How many times have you asked your child to apologize to someone else for his or her behavior?
“David, please tell Sarah that you are sorry for hitting her.”
“Julie, please go and apologize to Emily for being mean.”
I’m sure that we could all think of a million examples of times that we’ve had to encourage our children to say “I’m sorry” for hurting someone else either physically or emotionally.
Yet, is the apology really effective? Does it work if we have to encourage it?
The Anatomy of an Effective Apology
According to Karen Cerulo, a professor of sociology at Rutgers University, a successful apology has three guiding principles.
- Don’t wait – Apologies are more effective if they happen right away. Don’t wait to have your child provide one.
- Apologize for your behavior, not for what people thought – In other words, saying that I’m sorry that you misunderstood me doesn’t really help. The apology should be for what was done, not what others might have thought about it.
- Don’t give context – No, seriously, it doesn’t matter to the other person what else was going on in your life.
Cerulo also encourages the apologizer to identify the victim at the start of the apology, express remorse, and then look to make some kind of restitution.
We also know that apologies are more powerful when there is a perceived loss on the part of the person apologizing. That loss might be financial but is more likely to be a commitment to a change in behavior.
An effective apology then is really complicated. Each step of Cerulo’s effective apology seems like an awfully complicated skill for a middle schooler, let alone a toddler. So what do we do help our kids learn to apologize?
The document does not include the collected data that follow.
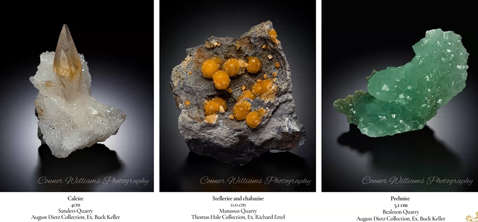 Tom concluded his presentation by showing a few of the minerals which he discussed in earlier presentations. Those specimens have been found in the Virginia areas a bit closer to DC. Below are minerals from Virginia trap rock sites and various quarries, such as the Sanders and Manassas sites as shown below.
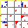 This matrix displays the maximum distance fluctuations between all pairs of CA atoms and between the two extreme conformations that were computed for this mode (DQMIN/DQMAX). Distance increases are plotted in blue and decreases in red for the strongest 10% of the residue pair distance changes. Every pixel corresponds to a single residue. Grey lines are drawn every 10 residues, yellow lines every 100 residues (counting from the upper left corner).
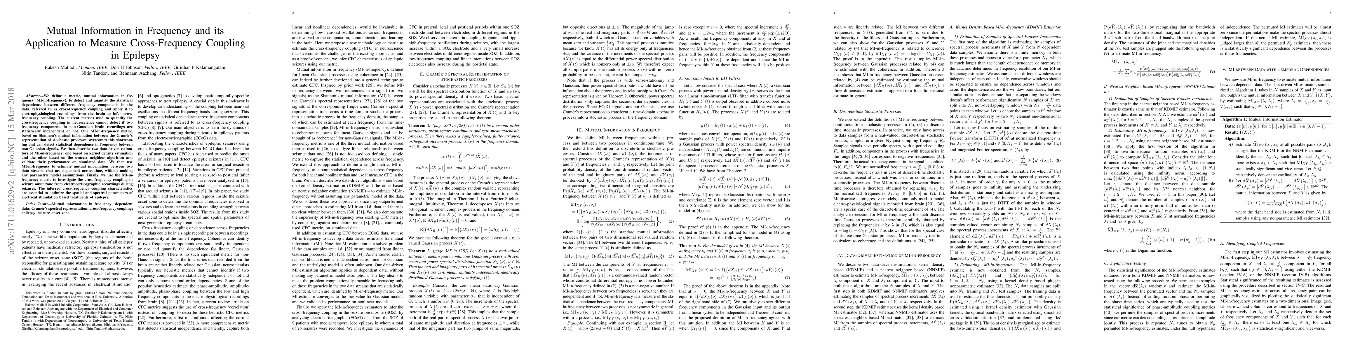 We define a metric, mutual information in frequency (MI-in-frequency), to detect and quantify the statistical dependence between different frequency components in the data, referred to as cross-frequency coupling and apply it to electrophysiological recordings from the brain to infer cross-frequency coupling. The current metrics used to quantify the cross-frequency coupling in neuroscience cannot detect if two frequency components in non-Gaussian brain recordings are statistically independent or not. Our MI-in-frequency metric, based on Shannon's mutual information between the Cramer's representation of stochastic processes, overcomes this shortcoming and can detect statistical dependence in frequency between non-Gaussian signals. We then describe two data-driven estimators of MI-in-frequency: one based on kernel density estimation and the other based on the nearest neighbor algorithm and validate their performance on simulated data. We then use MI-in-frequency to estimate mutual information between two data streams that are dependent across time, without making any parametric model assumptions. Finally, we use the MI-in- frequency metric to investigate the cross-frequency coupling in seizure onset zone from electrocorticographic recordings during seizures. The inferred cross-frequency coupling characteristics are essential to optimize the spatial and spectral parameters of electrical stimulation based treatments of epilepsy.

Getting Our Kids to Apologize
Apologies seem to require a great deal of empathy and understanding of the impact of our behavior on another person. And empathy is definitely something that we want to build on and encourage in our children, but it doesn’t happen naturally. Here are some ideas to help you build your child’s apology skills:
Bring Yourself to Eye Level
Our size can be a big disadvantage when we are working on getting a child to apologize. Shrinking yourself down to their eye level helps you connect with them and provides some comfort in an uncomfortable situation. Don’t forget to use a calm, quiet voice – your tone and volume can help deal with the potential embarrassment.
Identify the Emotion
Empathy requires understanding how the other person feels. Some kids may need coaching to see facial expressions and body language that indicate sadness or fear. Help your child find the words to understand what the other child is feeling. You can prime your child for this by building up their emotional vocabulary (insert link).
Review What Happened
Go back over the events with an emphasis on connecting the behaviors to the feelings that you just uncovered. The key here is to show cause and effect between behavior and emotions.
Put the Shoe on the Other Foot
Once the action is connected to the feeling, you need them to think about if they would be ok experiencing that behavior and its connected feeling. “How would you feel if they took the truck? Would you be upset?” This connection can help the better build the sense of empathy that we want to have in place.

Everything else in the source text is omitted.